Saturday, March 19, 2016

By Daniel Mann

What does “character” mean to us today? What personal traits and goals do we value? For the late psychologist Abraham Maslow, it was a matter of self-actualization – “fulfilling themselves and doing the best that they are capable of doing.”

Another website listed 13 personal goals worth pursuing:

  1. Becoming the person you aspire to be.
  2. Fixing your priorities
  3. Specifying your values.
  4. Determining your lifestyle.
  5. Defining your ethics.
  6. Improving your knowledge, potential and awareness.
  7. Enhancing the quality of your life by being more spiritual and healthy.
  8. Developing strengths, learning techniques or methods to achieve wisdom.
  9. Fulfilling aspirations.
  10. Building human capital.
  11. Defining and executing personal development plans.
  12. Developing spirituality.
  13. Improving health.

Both sources have a lot in common – self-fulfillment. However, different eras esteemed different goals and traits. Historian Daniel Walker Howe highlights the differences:

  • In the development of Western political thought, the control of passion by reason has been an issue of critical importance. Stephen Holmes’s Passions and Constraint shows how the creation of free political institutions required that people control such strong passions as tribal hatred or the resentment of social slights by the exercise of sober rationality… “The principal aim of [early] liberals who wrote favorably of self-interest was to bridle destructive and self- destructive passions, to reduce the social prestige of mindless male violence, to induce people, so far as possible, to act rationally, instead of hot-bloodedly.” (Making the American Self)

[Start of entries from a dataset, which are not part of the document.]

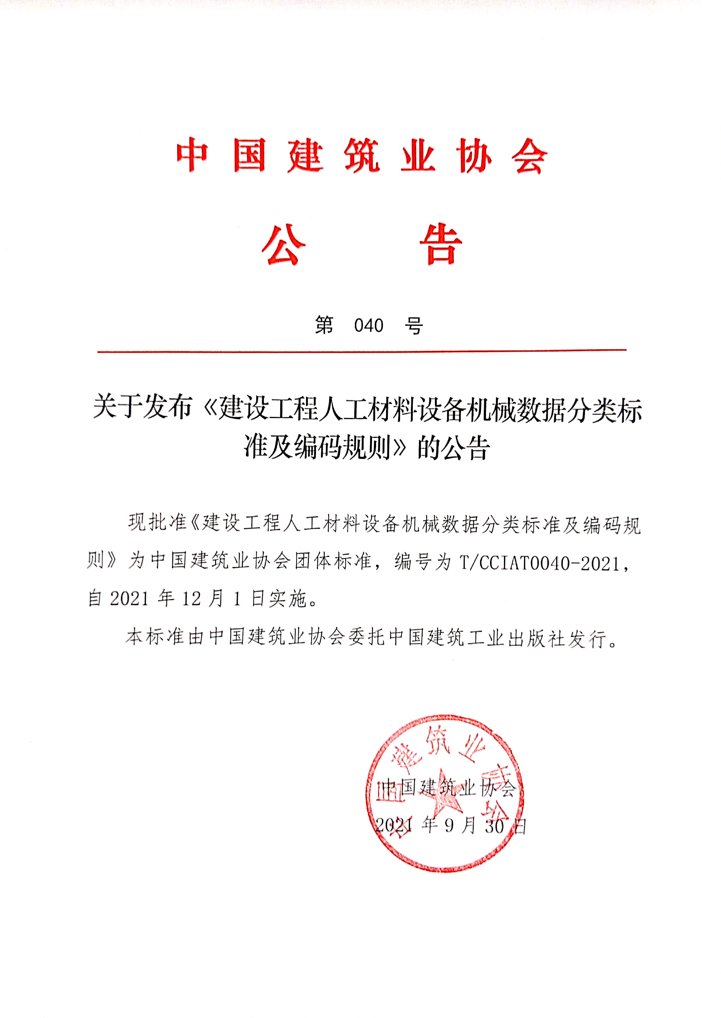 關(guān)于發(fā)布《建設(shè)工程人工材料設(shè)備機(jī)械數(shù)據(jù)分類標(biāo)準(zhǔn)及編碼規(guī)則》的公告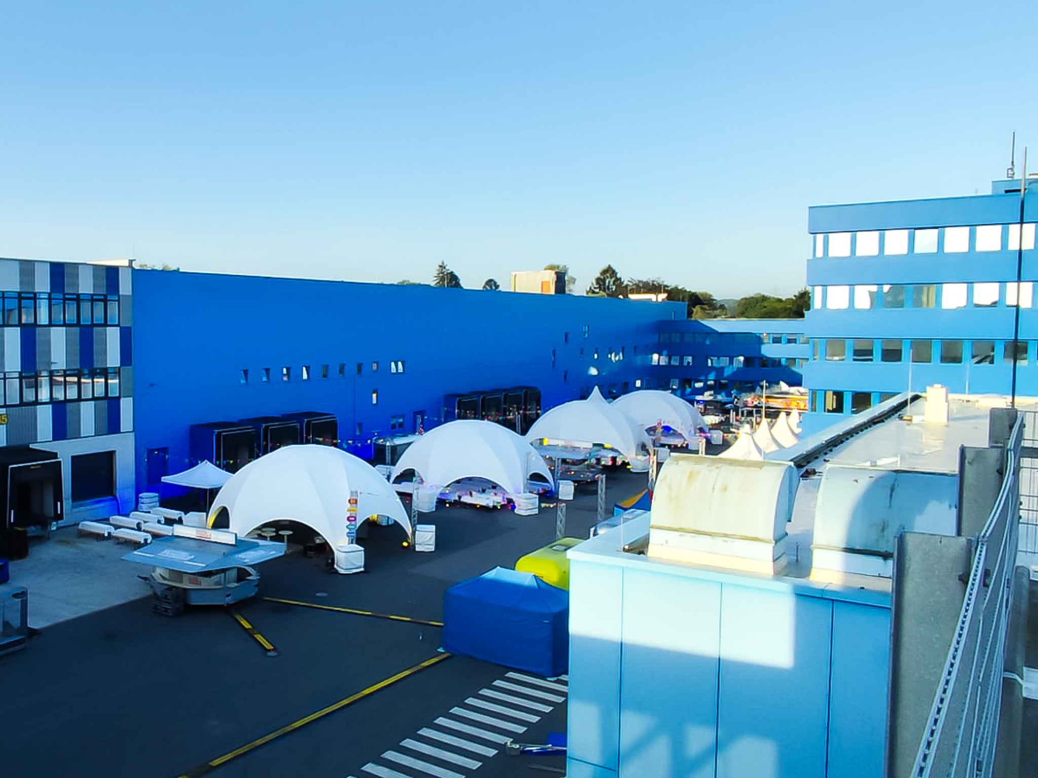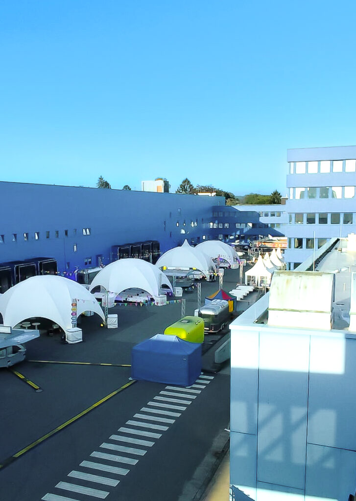 • Kompletter Aufbau der Veranstaltung auf dem Vorplatz der Tedi-Zentrale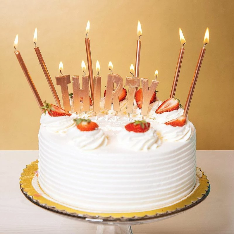 - Birthday Cake Topper Rose Gold: This set features “THIRTY” letter candles and 24 thin rose gold metallic candles; the detachable holder ensures stability in any cake, cupcake or dessert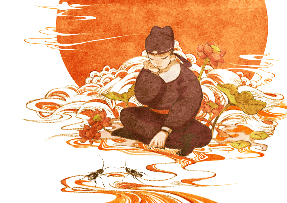二候土潤溽暑:天氣開始悶熱,土地也很潮濕。溽是濕,大暑時,濕氣濃重,濕熱令人難耐。(作者:賢二水墨)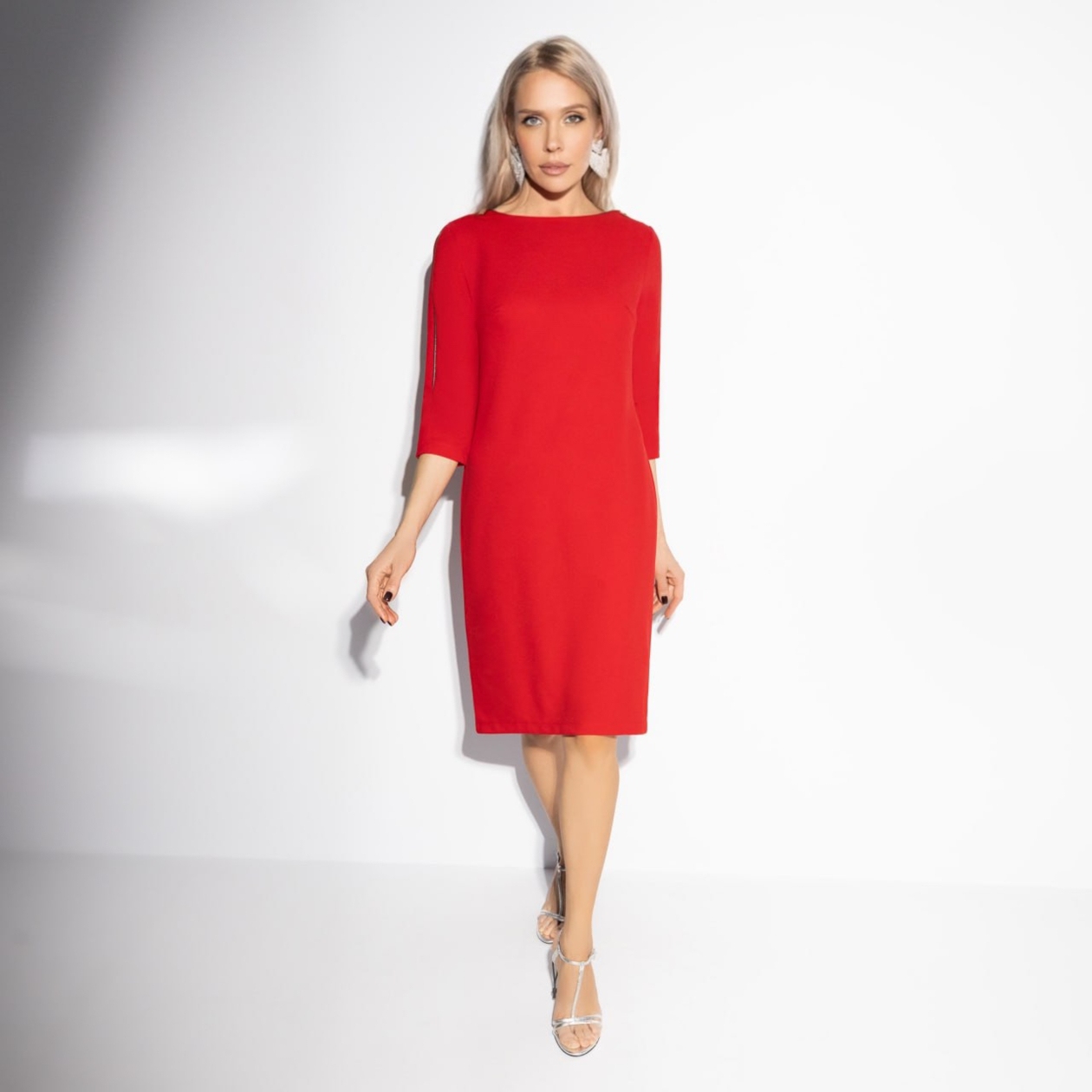 Красное платье, которое работает как магнит. Оно оживляет кожу, усиливает взгляд, настраивает на волну притяжения. Универсальный выразительный силуэт платья украсит обладательницу любой фигуры. В нём вы будто светитесь изнутри, притягивая любовь взглядом, движением, дыханием. В нём вы не ищете любовь ‒ любовь сама ищет вас. Платье прямого силуэта с акцентными рукавами. Рукав с декоративной молнией, чуть заужен.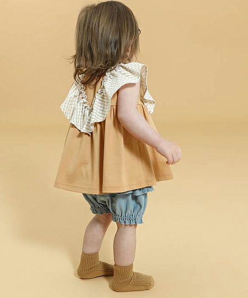 さらっとしている天竺にフリルが立体的についた赤ちゃんらしい可愛らしいアイテム。ボトムらしく履けるデニムニットはトップスとの相性も良く、締め付けすぎない足口もこだわりポイントです。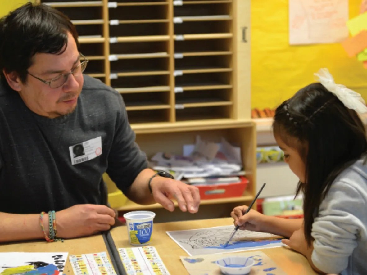 Kindergartners met with Wóokiye wiŋ (Dakhóta) to craft watercolor Dakhóta floral designs. First grade students painted colorful Ojibwe family clan designs with James Autio. Gordon Coons led second-grade students in creating large drawings with personal meaning in the Woodlands style. Hapistinna Graci Horne (Sisseton Wahpeton Dakota, Hunkpapa Lakota/Dakota) taught third-grade students how to make their own stamps, which they used to produce unique bandanna designs.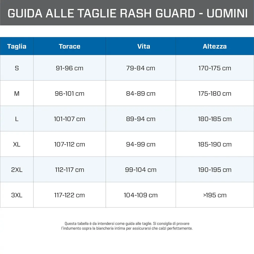 - Questo rash guard aderente è stato sviluppato per essere indossata durante le immersioni in acque tropicali, o come strato aggiuntivo sotto una muta umida. Se preferisci una vestibilità più ampia, ti consigliamo di acquistarne una di una taglia più grande.

While today, we esteem self-fulfillment, yesterday, self-control, a virtuous character, and rationality were praised. Jacksonian historian and famed “Father of American History,” George Bancroft’s laudatory description of George Washington reveals what our first president esteemed:

  • His faculties were so well balanced and combined, that his constitution, free from excess, was tempered… [with] the power of self- control, and enabled him to excel in patience, even when he had most cause for disgust.

Why the sharp difference and what does it mean? Why has self-fulfillment replaced self-control along with the other Christian virtues? With the onslaught of secularism and its denial of an afterlife, there is nothing to live for but the “now.” Therefore, “character” – honesty, integrity, courage, and other-centered-ness – has become only a means to an end, a payoff in the now. Virtue has become a commodity to barter as the changing situation requires.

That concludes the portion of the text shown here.